Yale é a universidade que formou cinco presidentes americanos: William Howard Taft (1878), Gerald Ford (1941), George Bush (1948), Bill Clinton (1973) e George W. Bush (1968). Clinton, inclusive, conheceu sua mulher, Hillary, quando ambos estudavam na Faculdade de Direito, lembra O Globo. Tem também ex-alunos famosos como Sigourney Weaver (1974), Paul Newman (1954), Meryl Streep (1975) e Jodie Foster (1985).

Yale é também um dos prováveis destinos acadêmicos do brasileiro André Garcia, 18 anos, de Embu das Artes (SP). Provável porque o estudante de escola pública, filho de uma diarista e de um vendedor de produtos de limpeza, ainda aguarda os resultados de outras universidades.
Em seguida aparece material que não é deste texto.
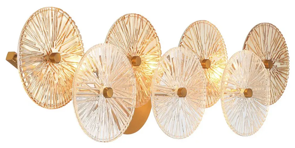 Grand robust detailing is showcased through exemplary glasswork. The pressed ribbed discs are each handmade intricately detailed and naturally tinted. These features add to the unique characteristics of each individual piece in this majestic collection.Number of Lights: 3Bulb Type: E12/CandelabraWattage: 60LED Color Temperature (K): Does not applyDimmable: YesBulb Inlcuded: NoVoltage: 120Hardwire or Plugin: Hardwired

"Se optar por Yale, pretendo cursar algo na área de ciências que me possibilite a maior interdisciplinaridade possível, como bioquímica ou estudos ambientais, além de fazer diversos outros cursos adicionais como literatura, alguma língua estrangeira e música", explica o jovem ao HuffPost Brasil.

"Pude conhecer melhor a universidade quando descobri a oportunidade de participar em um curso de verão lá. Inscrevi-me pela primeira vez no segundo ano [do ensino médio] mas não fui aceito. Insisti no terceiro novamente e dessa vez fui aceito com bolsa completa. Fiz uma vaquinha para pagar a passagem de avião e outras despesas extras e de julho para agosto passei duas semanas lá, estudando Sustentabilidade, Energia & Meio Ambiente. A experiência foi fantástica."

Para chegar à aprovação em Yale, a trajetória de Garcia foi de muita luta e suor.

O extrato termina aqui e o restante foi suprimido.